Relevant issue: #256

New Files

imap_processing/run_processing.py
- The script that can be run on the command line by passing in parameters for instrument and data level

Updated Files

imap_processing/__init__.py
- Added list of instruments and list of processing_levels, used to validate the passed arguments

bourque · 2023-10-17T17:38:19Z

@tech3371 @greglucas @laspsandoval Could you provide an initial review on this? I just want to make sure that I am on the right track here, and if I have designed this appropriately. Thanks!

imap_processing/__init__.py

greglucas

👍 I added a few ideas to consider, but overall I think this is the right direction!

imap_processing/run_processing.py

tech3371

Yeah, it looks like you are heading in the right direction.

imap_processing/run_processing.py

…guments; updated help descriptions

laspsandoval

Nice. Just update the arguments.

laspsandoval · 2023-11-01T20:26:54Z

imap_processing/run_processing.py

+        f"The data level to process. Acceptable values are: {processing_levels}"
+    )
+
+    parser = argparse.ArgumentParser(description=description)
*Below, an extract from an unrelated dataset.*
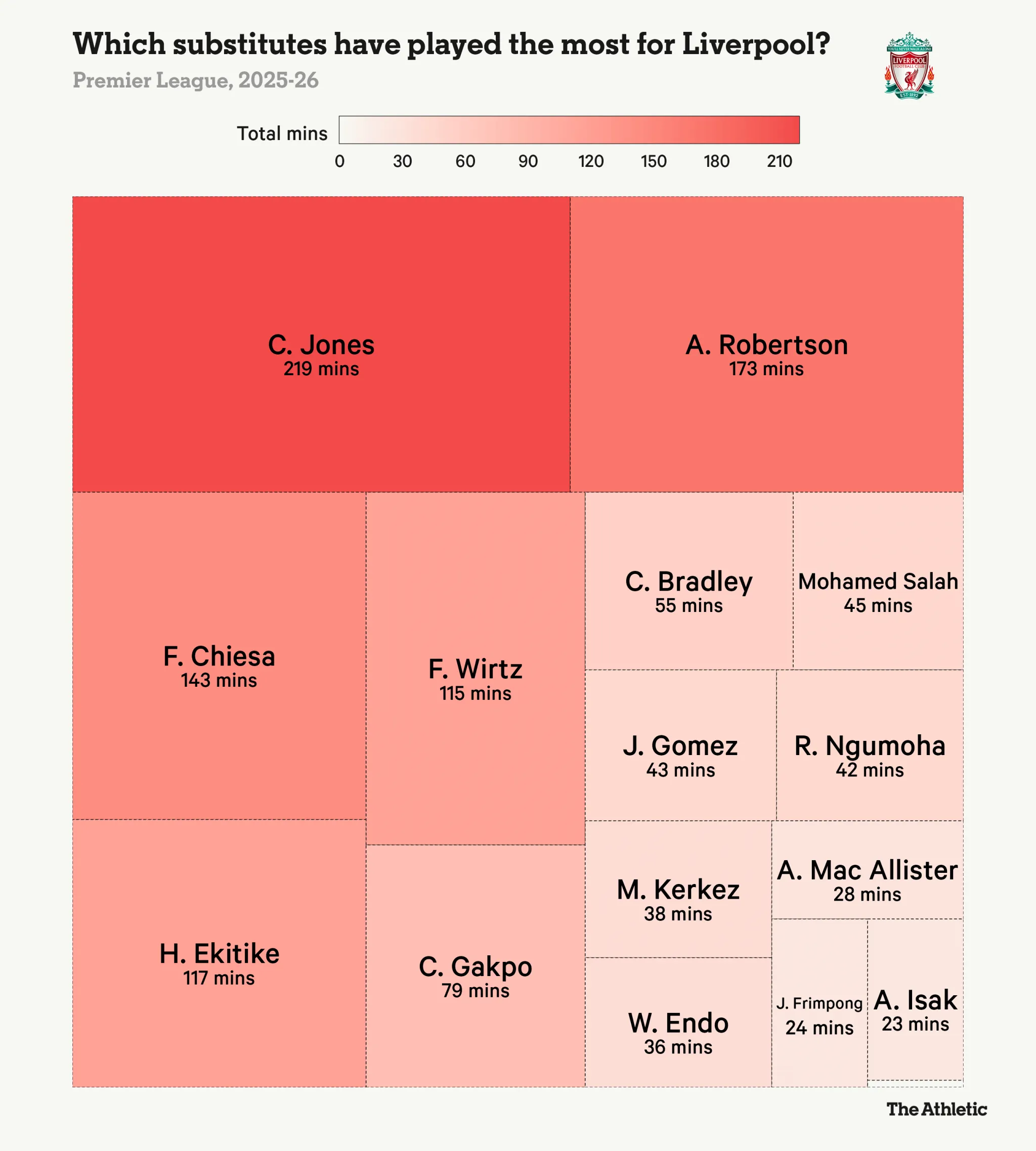 虎撲12月05日訊 The Athletic UK本周的數(shù)據(jù)分析專欄,聚焦于英超20隊(duì)的替補(bǔ)問題。

This looks good. An example of the command that I was planning on using for the batch job will be:

['CodiceHi', {'l2': ['2023-10-31', '2023-06-12'], 'l3': ['2023-06-01']}, 2]

where 2 is the version number.

And then I was planning on passing in the following environment:

environment={ "OUTPUT_PATH": data_bucket.bucket_name, "SECRET_NAME": db_secret_name, },

@laspsandoval , I don't think imap_processing will want the data bucket information or the DB secret because this is external to anything in our infrastructure. I think this is supposed to be going through our APIs to get the files instead.

I think the way this is written currently you'd need to kick off the container by overriding the ENTRYPOINT to be something like: imap-processing --instrument codice-hi --level 2 --start-date XYZ --end-date XYZ with command line arguments instead of a list/dict. Is that doable on the infrastructure side?

@greglucas as I understand it the algorithms will still need to query a database table, for example the universal spin table or a calibration table.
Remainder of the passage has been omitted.